Первый холм – малолетка, второй – мой офис, третий – больница, четвертый – стадион, пятый – завод, шестой – ботсад. Я был на шести холмах и только сейчас это понял. Не выходя из дома и не вставая с кресла, я падал в бездну. Это конец. На левый берег можно не соваться.
– Все, – сказал я.
– Что – все? – спросил малолетка.
– Конец.
– Не понял.
Я ему все рассказал. Все-таки он какой-никакой, а психоаналитик.
– Ну так, понятно, – сказал он, когда я закончил. – У тебя же подписка о невыезде. С подпиской тебе некуда деваться, кроме этих холмов. Город на них стоит. А ты в городе. Волей-неволей будешь по ним ползать.
Я огляделся по сторонам и увидел, что не дома, а в бюджетном кафе напротив бара «Капоне». Передо мной сидел малолетка, запихивался пирожным, запивая молочным коктейлем, и роднее его у меня никого не было.
– Как я тут оказался?
– Да ты вообще лунатик.
– А где твоя банда?
– Клара дома, а эти два не знаю, – сказал он с полным ртом.
Я спросил:
– Что случилось в баре?
Малолетка косил взглядом вправо, и я проследил, куда он смотрит. Оказалось, в никуда. В том месте ничего не было, за что можно зацепиться. Ни красивых женщин, ни ярких товаров, ни действия, вроде драки или плазменной панели с мультфильмами. Малолетка прятал от меня глаза. Я понял: он устал.
– Не знаю, – сказал малолетка.
– А куда делись те придурки, что полезли первыми?
– Там мусора понаехали… не знаю. Разогнали, должно быть.

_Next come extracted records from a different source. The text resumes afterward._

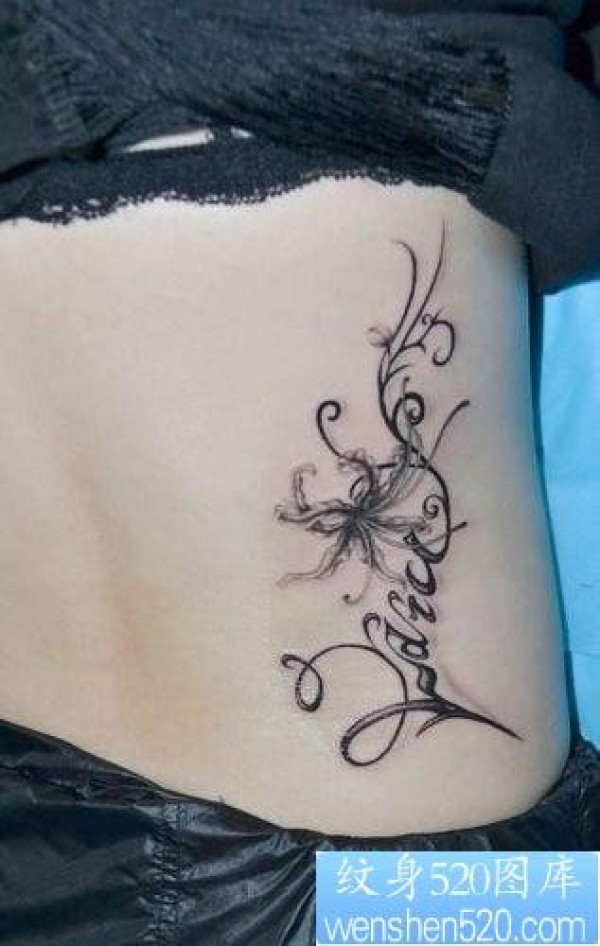 美女腰部精美的彼岸花与字母纹身图片_字母纹身图案大全_纹身图吧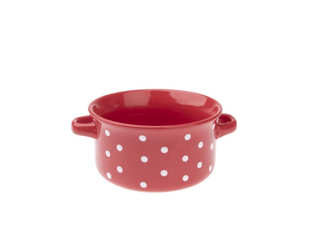 Táto pôvabná keramická miska s uchami v klasickom červenom prevedení s bielymi bodkami vnesie do vašej kuchyne hrejivú atmosféru vidieka. Je ideálna na servírovanie poctivých domácich polievok, raňajkových kaší alebo chrumkavých cereálií, pričom praktické ušká uľahčujú manipuláciu. Vďaka svojmu hravému retro dizajnu sa stane nielen obľúbeným kúskom riadu, ale aj štýlovým doplnkom, ktorý spríjemní každé stolovanie.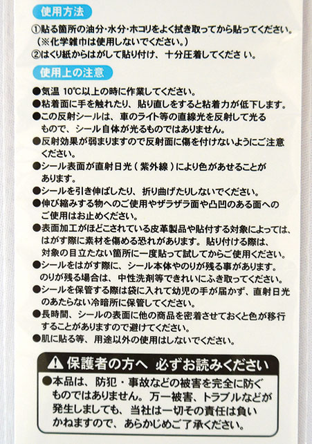 • 反射シールは車やバイク、自転車等のライトを反射して光ります。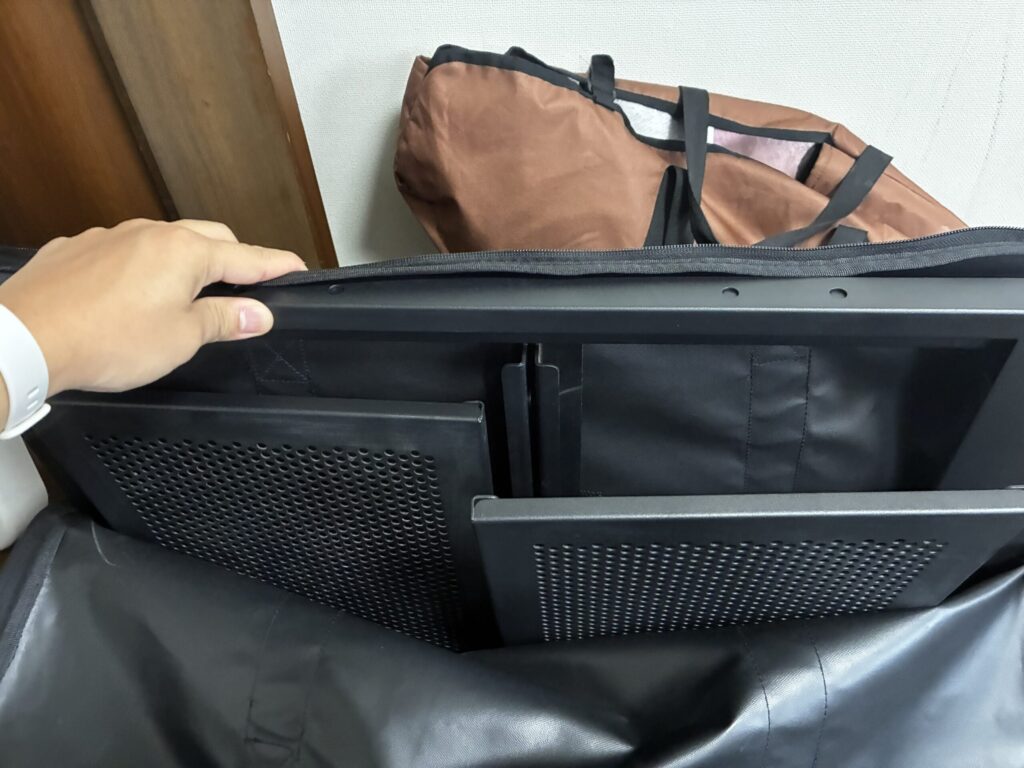 メリットで天板が外れIGT規格の天板と付け替えることができると説明しましたがカチッと固定されてるわけではないので収納時はフレームから外れてしまうことがあります。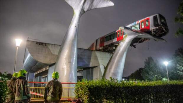В нидерландском городе Спейкениссе недалеко от Роттердама поезд метро врезался в барьер и упал на хвост скульптуры кита, сообщает издание Dutch News. Авария произошла на конечной станции метро De Akkers. Часть поезда повисла на хвосте на высоте десять метров. Это удерживает конструкцию, и она не падает в воду.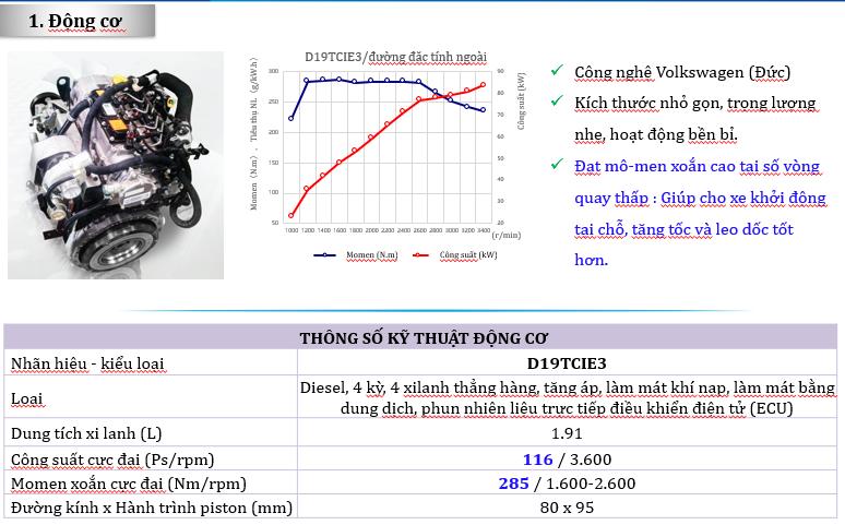 • Động cơ D19TCIE3, có công suất cực đại 116ps/3600rpm,Mô men xoắn cực đại: 285/1600-2600rpm
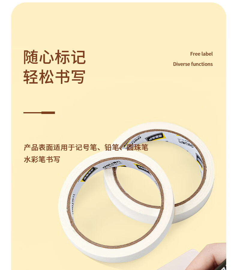 得力(deli)美纹纸胶带15mm*20y*145um(18.3m/卷)10卷装 30669单位:组 白色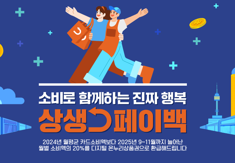 상생페이백은 2024년 카드 월평균 소비액 대비 2025년 9~11월 소비 증가분의 20%를 디지털 온누리상품권으로 환급해주는 정부 지원 정책입니다.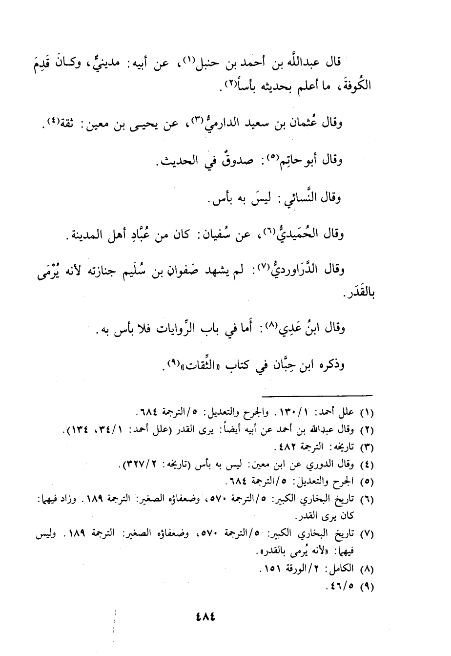 (6) تاريخ البخاري الكبير: 5 / الترجمة 570، وضعفاؤه الصغير: الترجمة 189. وزاد فيهما: كان يرى القدر.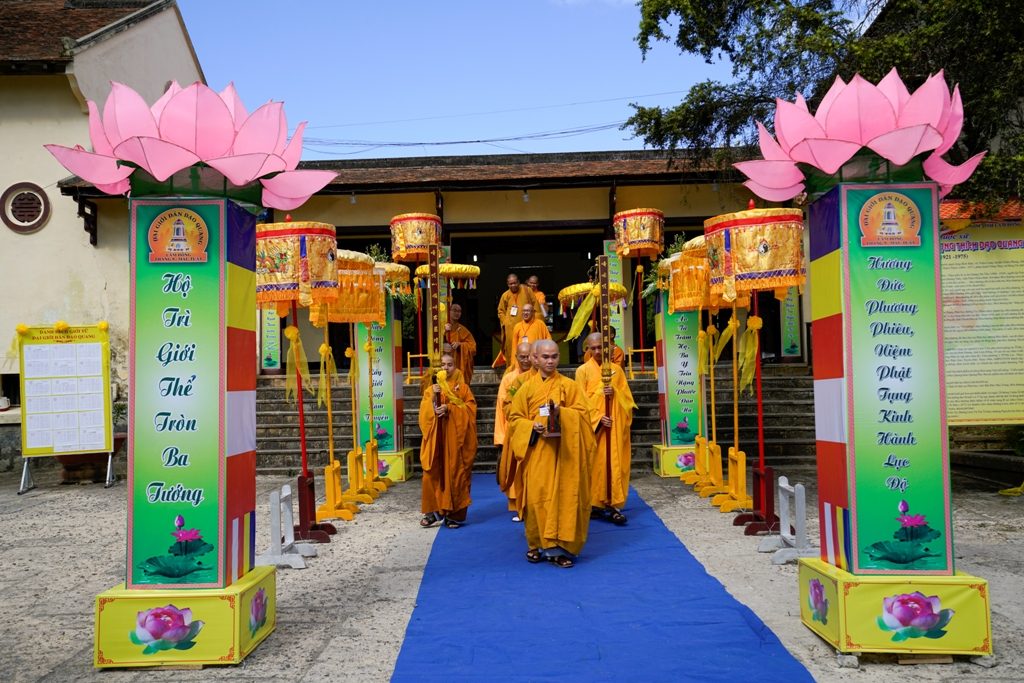 Chương trình bao gồm : Cung nghinh chư tôn Hội Đồng chứng minh, Hội Đồng thập sư Nhị Bộ yết tổ, thỉnh Ba La Đề Mộc Xoa tại Tổ đình Linh Quang về giới trường chùa Linh Sơn Tp Đà Lạt, diễn từ của Ban tổ chức, Cung an Chức sự, cung nghinh hòa thượng Tuyên luật sư khai đạo giới tử, cung an chức sự, niêm hương bạch Phật, khai chung bản ….

– Я не видел, чтобы их выводили, – сказал я. – Сам-то куда подевался?
Малолетка грустно улыбнулся. Может быть, не грустно, но мне показалось, что грустно.
– Да что там делать? – вздохнул он. – Ушел. А ты?
– Я тоже.
– Куда?
– На левый берег. Полазил там немного.
– Левый? – он махнул рукой. – Там никто не живет.
Я понял, что он имел в виду. В последнее время я часто понимал, только не знал, что с этим делать.
– Что делать теперь? – спросил я.
Этот вопрос горел в моем мозгу яркими лампами. «Что делать?» – важнее вопроса не было. Все вертелось вокруг него, как мошкара вокруг фонарика.
– Не знаю, – ответил малолетка. Так ответил, что было видно: его этот вопрос не волнует.
– А что ты сделал бы на моем месте?
– Я бы? – Он на мгновение задумался или сделал вид, что задумался. Для меня это одно и то же.
– Я бы сбежал.
– А если поймают?
– Посадят, конечно. Не сбежишь – тоже посадят. А так все-таки шанс.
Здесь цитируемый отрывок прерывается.